One of the most important issues for engineering and multimedia is how to process digital signals in a fast manner. Many digital signal transforms are available, including discrete Fourier transform, discrete cosine transform, Hartley transform, and Haar transform. Fast algorithms for computing such transforms are based on matrix factorization and sparse matrices manipulation. This paper presents “a computer algebra framework to automatically derive and implement algorithms for digital signal processing.”

The reader will find the general presentation of the entire process, starting with the transform and ending with fast FORTRAN or C executable code (section 1). After a presentation of the mathematical background, the algorithm used for factoring a matrix with symmetry is outlined. The last part of the second section describes a library for symbolic manipulation of group representations and structured matrices, called AREP. Examples of factorizations for different transforms are also included. For translating the matrix expressions into efficient imperative-style numerical programs (FORTRAN or C), the SPL language is used. The constructs of the SPL language, which provides tools for generating programs and interfacing with MATLAB, GAP, and Maple, are presented in section 3.
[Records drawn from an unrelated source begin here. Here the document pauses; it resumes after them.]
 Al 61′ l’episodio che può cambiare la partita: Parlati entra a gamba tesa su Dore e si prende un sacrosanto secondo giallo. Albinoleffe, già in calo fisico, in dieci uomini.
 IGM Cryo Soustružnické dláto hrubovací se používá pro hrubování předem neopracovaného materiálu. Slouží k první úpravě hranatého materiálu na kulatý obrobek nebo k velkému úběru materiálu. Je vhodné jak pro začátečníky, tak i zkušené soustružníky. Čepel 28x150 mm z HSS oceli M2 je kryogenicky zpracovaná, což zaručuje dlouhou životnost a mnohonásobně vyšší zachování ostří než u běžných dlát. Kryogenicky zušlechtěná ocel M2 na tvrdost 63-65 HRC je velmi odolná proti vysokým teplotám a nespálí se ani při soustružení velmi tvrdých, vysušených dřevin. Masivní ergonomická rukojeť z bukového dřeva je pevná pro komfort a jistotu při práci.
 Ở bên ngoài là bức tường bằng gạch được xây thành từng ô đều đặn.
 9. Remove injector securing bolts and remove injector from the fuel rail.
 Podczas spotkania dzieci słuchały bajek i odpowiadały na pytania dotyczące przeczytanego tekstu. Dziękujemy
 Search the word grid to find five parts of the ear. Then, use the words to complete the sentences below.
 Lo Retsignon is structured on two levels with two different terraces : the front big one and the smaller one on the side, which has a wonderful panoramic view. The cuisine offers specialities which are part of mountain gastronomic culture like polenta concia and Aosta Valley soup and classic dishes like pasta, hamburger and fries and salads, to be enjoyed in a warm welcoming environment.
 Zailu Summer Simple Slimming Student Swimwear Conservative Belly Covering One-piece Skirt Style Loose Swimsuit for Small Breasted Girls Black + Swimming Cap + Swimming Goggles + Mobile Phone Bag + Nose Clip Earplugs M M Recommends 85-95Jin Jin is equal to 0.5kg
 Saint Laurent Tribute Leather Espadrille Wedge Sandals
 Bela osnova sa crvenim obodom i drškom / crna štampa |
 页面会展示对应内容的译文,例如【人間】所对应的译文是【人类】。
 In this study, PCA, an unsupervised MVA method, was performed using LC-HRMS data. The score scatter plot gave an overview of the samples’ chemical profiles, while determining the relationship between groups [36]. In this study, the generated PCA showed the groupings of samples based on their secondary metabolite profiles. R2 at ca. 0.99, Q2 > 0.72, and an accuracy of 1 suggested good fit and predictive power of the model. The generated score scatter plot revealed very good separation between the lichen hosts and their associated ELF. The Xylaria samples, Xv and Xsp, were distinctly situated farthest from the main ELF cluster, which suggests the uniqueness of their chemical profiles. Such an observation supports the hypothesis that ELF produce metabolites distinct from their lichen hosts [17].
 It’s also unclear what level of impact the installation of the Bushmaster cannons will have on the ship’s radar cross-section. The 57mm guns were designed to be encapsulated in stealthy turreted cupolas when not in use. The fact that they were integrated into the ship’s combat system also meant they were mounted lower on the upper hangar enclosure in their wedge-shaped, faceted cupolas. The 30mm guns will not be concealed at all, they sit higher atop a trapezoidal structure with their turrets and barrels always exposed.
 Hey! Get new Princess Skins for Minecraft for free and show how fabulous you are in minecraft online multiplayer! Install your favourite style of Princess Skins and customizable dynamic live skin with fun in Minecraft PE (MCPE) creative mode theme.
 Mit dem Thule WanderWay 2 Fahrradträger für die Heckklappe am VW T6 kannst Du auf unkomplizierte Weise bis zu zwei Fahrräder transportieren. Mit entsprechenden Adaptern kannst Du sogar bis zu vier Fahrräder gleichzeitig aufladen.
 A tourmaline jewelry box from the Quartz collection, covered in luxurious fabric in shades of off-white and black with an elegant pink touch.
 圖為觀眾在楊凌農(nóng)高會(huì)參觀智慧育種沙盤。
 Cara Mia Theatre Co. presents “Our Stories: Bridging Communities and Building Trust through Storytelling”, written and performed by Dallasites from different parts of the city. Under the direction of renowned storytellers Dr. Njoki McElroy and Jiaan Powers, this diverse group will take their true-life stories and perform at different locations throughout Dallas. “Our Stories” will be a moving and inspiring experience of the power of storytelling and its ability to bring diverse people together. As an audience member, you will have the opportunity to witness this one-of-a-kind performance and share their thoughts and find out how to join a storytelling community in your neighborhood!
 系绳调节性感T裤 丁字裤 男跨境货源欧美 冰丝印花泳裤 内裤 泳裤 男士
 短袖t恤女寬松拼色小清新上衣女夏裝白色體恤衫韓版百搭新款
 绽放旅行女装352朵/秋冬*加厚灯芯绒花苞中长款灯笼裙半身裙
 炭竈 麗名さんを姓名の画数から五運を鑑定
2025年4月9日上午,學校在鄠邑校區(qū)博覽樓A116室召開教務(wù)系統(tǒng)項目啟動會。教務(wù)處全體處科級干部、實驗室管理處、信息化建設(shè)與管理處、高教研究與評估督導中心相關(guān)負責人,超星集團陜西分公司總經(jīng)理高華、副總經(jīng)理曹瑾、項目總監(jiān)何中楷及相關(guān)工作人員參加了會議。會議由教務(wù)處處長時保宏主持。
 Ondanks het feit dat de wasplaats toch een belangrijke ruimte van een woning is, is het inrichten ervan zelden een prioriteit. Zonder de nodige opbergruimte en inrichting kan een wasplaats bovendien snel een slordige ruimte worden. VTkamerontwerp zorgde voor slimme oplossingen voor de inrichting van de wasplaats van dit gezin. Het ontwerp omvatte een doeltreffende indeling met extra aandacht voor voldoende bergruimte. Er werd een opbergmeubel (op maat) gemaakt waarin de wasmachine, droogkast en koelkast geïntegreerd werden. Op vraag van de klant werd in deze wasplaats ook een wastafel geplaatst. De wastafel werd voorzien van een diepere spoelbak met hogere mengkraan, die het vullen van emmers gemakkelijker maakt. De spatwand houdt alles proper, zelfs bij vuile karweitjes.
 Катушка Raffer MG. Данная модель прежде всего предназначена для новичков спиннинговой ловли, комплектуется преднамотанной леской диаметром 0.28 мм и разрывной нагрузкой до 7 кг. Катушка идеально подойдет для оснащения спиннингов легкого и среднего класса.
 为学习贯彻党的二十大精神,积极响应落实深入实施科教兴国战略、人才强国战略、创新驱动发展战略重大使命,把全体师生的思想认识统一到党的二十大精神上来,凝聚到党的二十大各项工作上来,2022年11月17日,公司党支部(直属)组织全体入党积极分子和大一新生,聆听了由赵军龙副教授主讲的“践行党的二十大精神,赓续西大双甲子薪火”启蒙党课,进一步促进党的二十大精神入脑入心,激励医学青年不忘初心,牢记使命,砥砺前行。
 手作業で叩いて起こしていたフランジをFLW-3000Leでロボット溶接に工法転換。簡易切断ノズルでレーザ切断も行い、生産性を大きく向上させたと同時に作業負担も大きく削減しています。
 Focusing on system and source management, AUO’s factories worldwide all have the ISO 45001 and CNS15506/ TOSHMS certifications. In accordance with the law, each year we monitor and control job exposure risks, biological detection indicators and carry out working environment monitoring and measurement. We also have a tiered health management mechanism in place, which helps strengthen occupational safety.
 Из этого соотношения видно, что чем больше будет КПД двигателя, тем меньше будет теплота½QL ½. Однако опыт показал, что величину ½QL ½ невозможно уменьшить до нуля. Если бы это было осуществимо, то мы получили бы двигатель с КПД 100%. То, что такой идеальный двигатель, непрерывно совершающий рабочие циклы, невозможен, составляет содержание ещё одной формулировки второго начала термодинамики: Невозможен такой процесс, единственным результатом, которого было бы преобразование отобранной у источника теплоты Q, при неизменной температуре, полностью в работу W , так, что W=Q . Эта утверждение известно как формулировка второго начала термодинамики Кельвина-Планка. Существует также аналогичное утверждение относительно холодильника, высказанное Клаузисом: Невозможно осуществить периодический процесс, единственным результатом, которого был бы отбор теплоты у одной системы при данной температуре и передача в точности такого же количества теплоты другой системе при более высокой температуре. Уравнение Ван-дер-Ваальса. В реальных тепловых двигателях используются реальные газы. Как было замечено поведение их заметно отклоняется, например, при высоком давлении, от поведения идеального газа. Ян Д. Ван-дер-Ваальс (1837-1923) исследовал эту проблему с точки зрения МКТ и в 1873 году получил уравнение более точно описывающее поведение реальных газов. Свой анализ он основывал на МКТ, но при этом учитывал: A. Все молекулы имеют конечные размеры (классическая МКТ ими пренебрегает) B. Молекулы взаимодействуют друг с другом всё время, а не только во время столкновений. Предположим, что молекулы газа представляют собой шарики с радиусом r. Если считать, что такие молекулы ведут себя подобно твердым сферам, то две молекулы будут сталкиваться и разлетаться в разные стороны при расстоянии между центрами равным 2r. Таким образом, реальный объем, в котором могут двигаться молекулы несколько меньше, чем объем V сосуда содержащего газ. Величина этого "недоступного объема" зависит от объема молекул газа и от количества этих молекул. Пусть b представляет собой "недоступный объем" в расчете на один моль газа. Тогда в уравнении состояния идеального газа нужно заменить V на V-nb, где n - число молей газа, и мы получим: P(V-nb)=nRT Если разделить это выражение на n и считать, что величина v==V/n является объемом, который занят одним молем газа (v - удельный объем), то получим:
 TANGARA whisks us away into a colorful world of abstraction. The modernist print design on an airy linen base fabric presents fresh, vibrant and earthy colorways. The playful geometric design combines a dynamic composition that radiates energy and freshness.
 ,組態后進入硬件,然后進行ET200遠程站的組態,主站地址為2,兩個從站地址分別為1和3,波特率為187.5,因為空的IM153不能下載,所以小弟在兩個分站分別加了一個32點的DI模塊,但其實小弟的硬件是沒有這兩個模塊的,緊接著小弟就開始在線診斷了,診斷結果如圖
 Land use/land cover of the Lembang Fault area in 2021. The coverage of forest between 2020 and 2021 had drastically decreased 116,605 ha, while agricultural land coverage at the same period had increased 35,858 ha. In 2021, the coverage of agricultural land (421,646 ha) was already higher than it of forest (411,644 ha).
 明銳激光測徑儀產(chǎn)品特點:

To illustrate the performance of the approach, the automatic implementation of an 8-point discrete cosine transform is presented, in great detail, in section 4. The paper ends with some remarks concerning future work, and a list of references. Hypertext links for AREP and SPL are also included.

The authors announce results that are interesting for digital signal engineers, academic professionals, and those interested in computer algebra and applications. The presentation is clear, and the list of references is helpful.